Cuanta limpieza hace falta en España...


----------



## Murnau (1 Jul 2022)

Igual no tiene demasiado que ver al caso, pero igual si. Estaba haciendo un alto en el estudio y entro un momento al foro, porque acabo de recordar como si fuera hace poco, la última vez que entré en una oficina de desempleo de mierda. Que insisto, son de desempleo, y no de empleo, porque no están hechas para ayudar a nadie a conseguir empleo, como si sucede en otros países. Si lo hacen es de rebote o pura casualidad, igual que sucede si te ayuda la policía.

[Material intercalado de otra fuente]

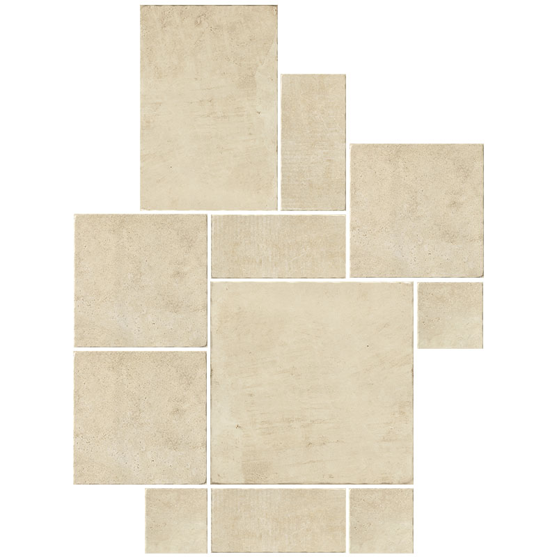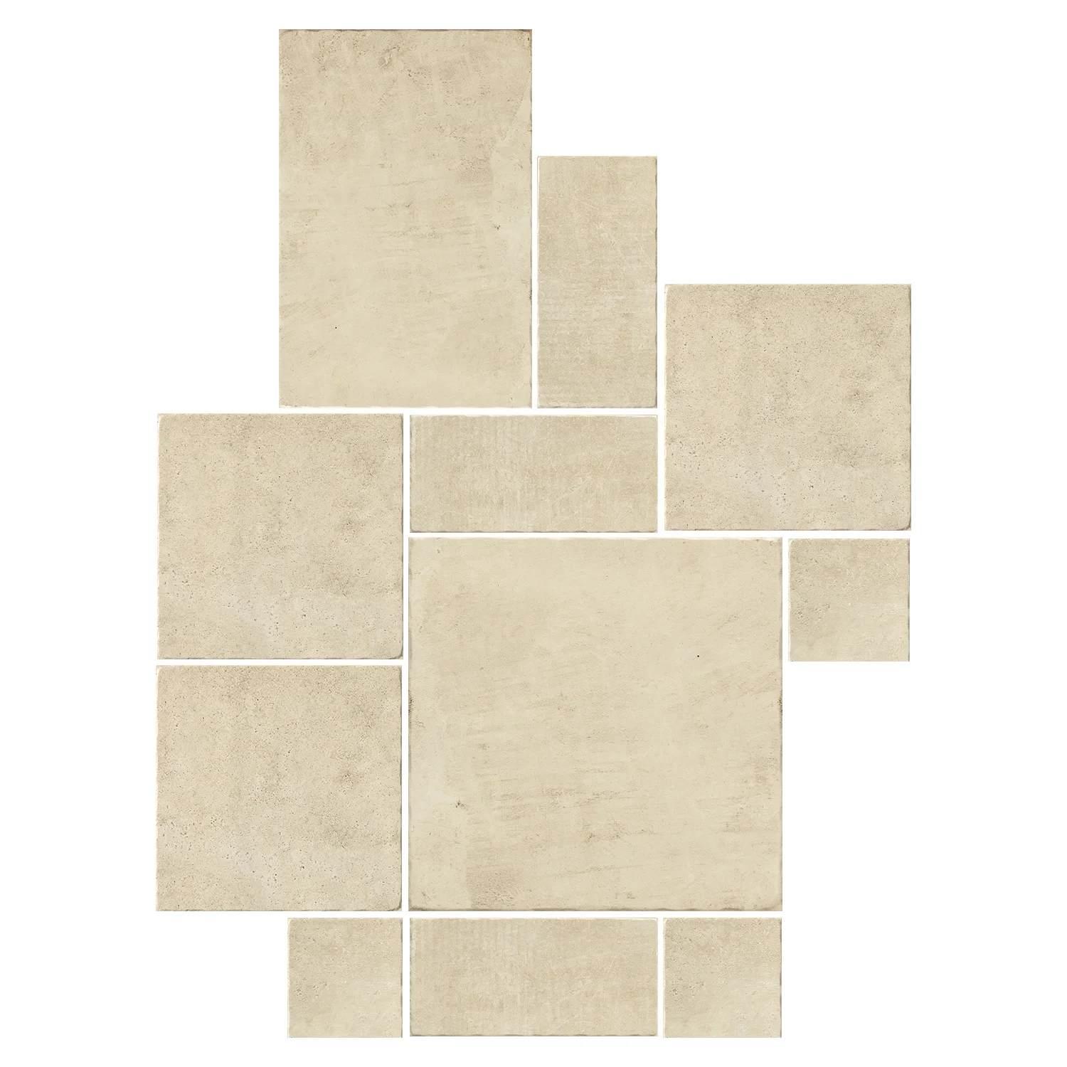 Ein Karton des Bodenfliesen Sets Modulare 43 enthält alle Fliesenformate, die Sie für die Verlegung im Römischen Verband benötigen: 1 Fliese im Format 60,8 x 60,8 cm, 1 Fliese 40 x 60,8 cm, 3 Fliesen 40 x 40 cm, 3 Fliesen 20 x 40 cm und 3 Fliesen 20 x 20 cm. Der Kartoninhalt umfasst insgesamt 1,45 Quadratmeter und ist so zusammengestellt, dass sich eine der zwei gezeigten Verlegevarianten komfortabel und passgenau realisieren lässt. Die unterschiedlichen Formate greifen optisch ineinander und erzeugen ein abwechslungsreiches, natursteinähnliches Verlegebild, das an traditionelle mediterrane Steinböden erinnert.
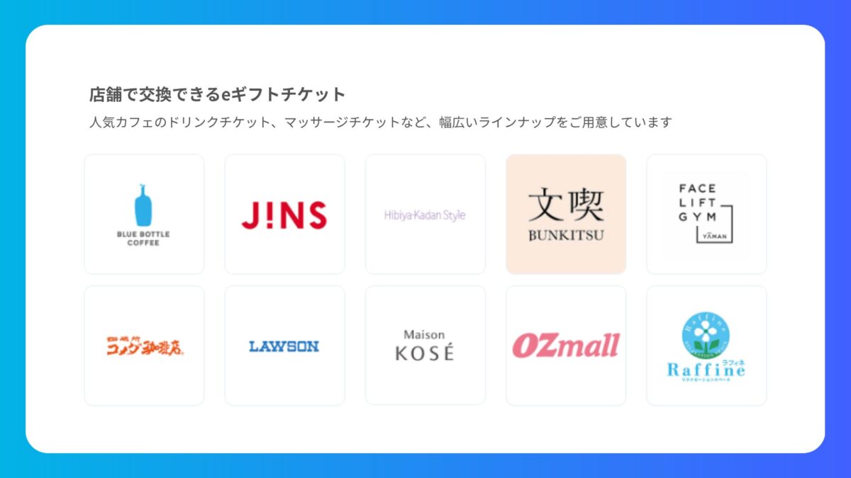 業界最大級である100万点以上のソーシャルギフト対応商品を揃えており、モノギフト(実物の商品)からデジタルギフト(eギフトや店頭利用可能なチケットなど)まで幅広いニーズに応えています。ソーシャルギフト商品が豊富だからこそ、贈る相手の趣向やシーンに最適なギフトが選べます。
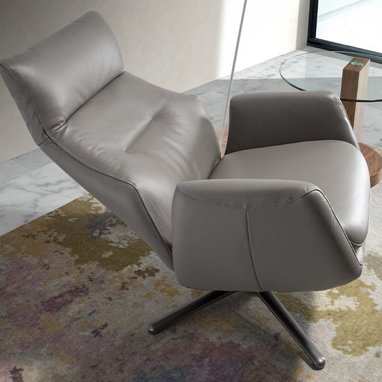 Swivel reclining armchair with modern design arms and seat and back upholstered in dark grey cowhide. Both for its style and its black stainless steel legs, this armchair is the perfect combination of design and comfort.
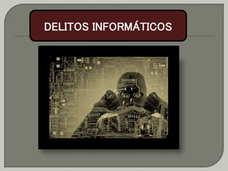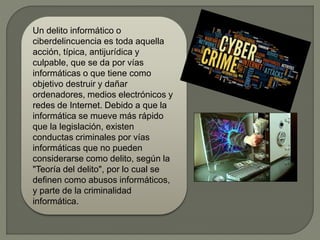 El documento habla sobre los delitos informáticos o ciberdelincuencia. Explica que estos incluyen acciones antijurídicas que dañan ordenadores, medios electrónicos y redes a través de vías informáticas. También menciona que debido a que la tecnología avanza más rápido que la legislación, algunas conductas no pueden considerarse delitos según la ley. Luego procede a describir varios tipos específicos de crímenes informáticos como el spam, fraude, hostigamiento y tráfico
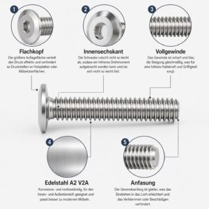 - Optimierte Kopfgeometrie: Der flache Kopf liegt nach der Montage nahezu plan an, was Reibung an anderen Bauteilen minimiert und für eine absolut saubere Front sorgt.
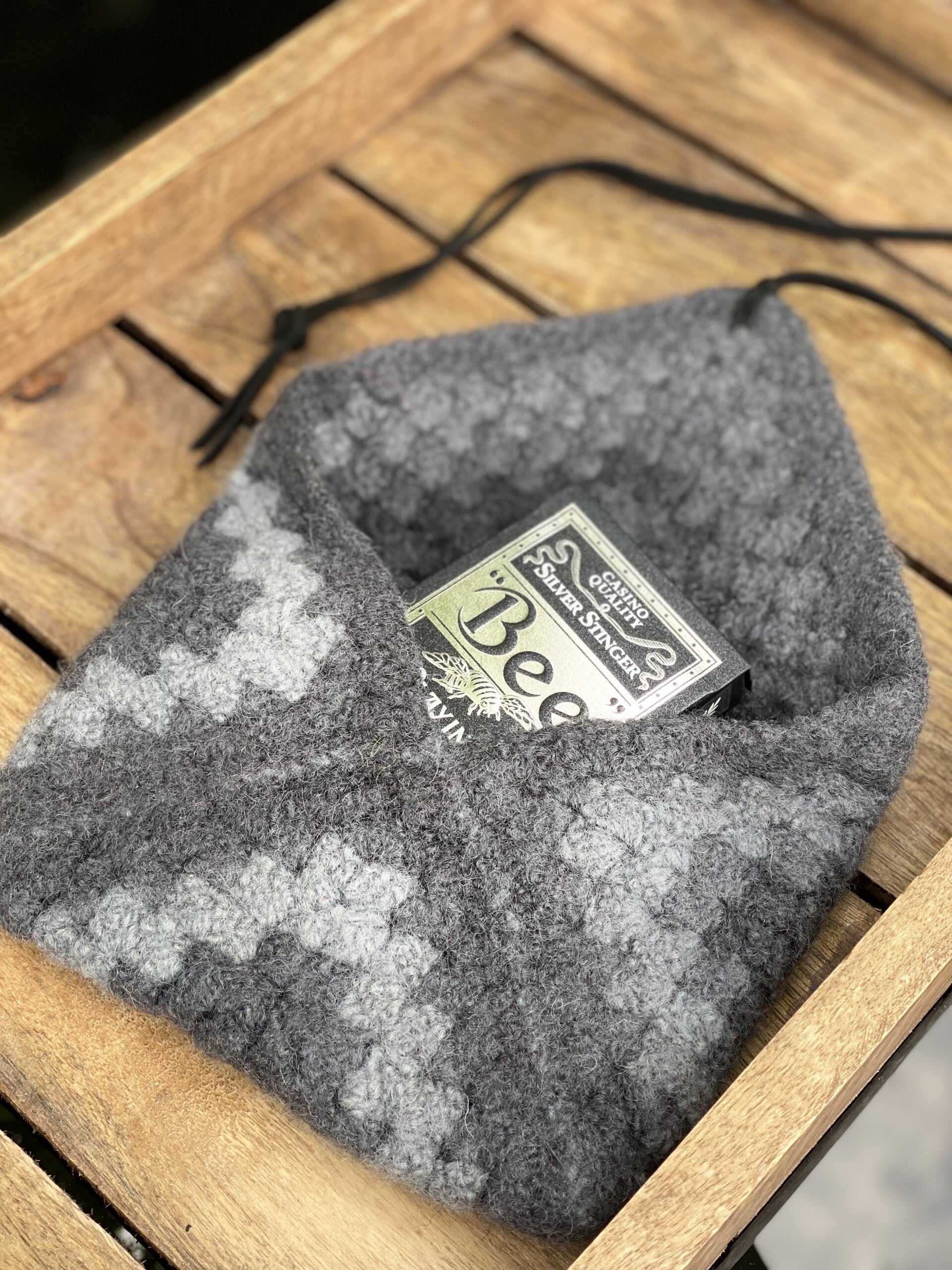 - Gehaakt van 100% wol, erna gevilt. Het koordje is van vegan / faux suede, dat gemaakt is van polyester textiel.

Bien, pues coincidió más o menos que había terminado las prácticas de un curso de placas fotovoltaicas, además de certificar un B1 en otro idioma en la Escuela oficial de idiomas, y esperé un poco que tenía que renovar la basura del desempleo esa, así que fui en persona, normalmente prefería no pisar ese antro si es posible. Pues fui con la inocencia todavía de que añadir el diploma número 50 al CV mío que tienen, así como el tercer certificado de idiomas de la Escuela oficial de idiomas sería bueno de alguna misteriosa forma. No recuerdo demasiado, lo que si he recordado con total clarividencia es como la puta charo de mierda le suelta a la charo de la mesa de al lado "uyyyyyyyy que gracioso, el siempre está haciendo cursos jijijijij" en plan como que ya se sabían mi cara. Me resultó ofensiva la frase en sí, pero en ese momento no se me ocurrió pensar que lo que estaba diciendo era "uyyyyyyy que ímbecil, este se cree que haciendo nuestras mierdas de cursos u otros pagados va a encontrar trabajo por muchos idiomas que hable jijijiiji, aquí solo damos trabajo a charos de mierda como yo, que no sabemos ni lo que es java jijijijiji". Lo de Java es literal, cuando la tía me dijo que un ordenador que tenía no iba y le pregunté qué sistema operativo tenía antes de cascar y me respondió que Java. Literal.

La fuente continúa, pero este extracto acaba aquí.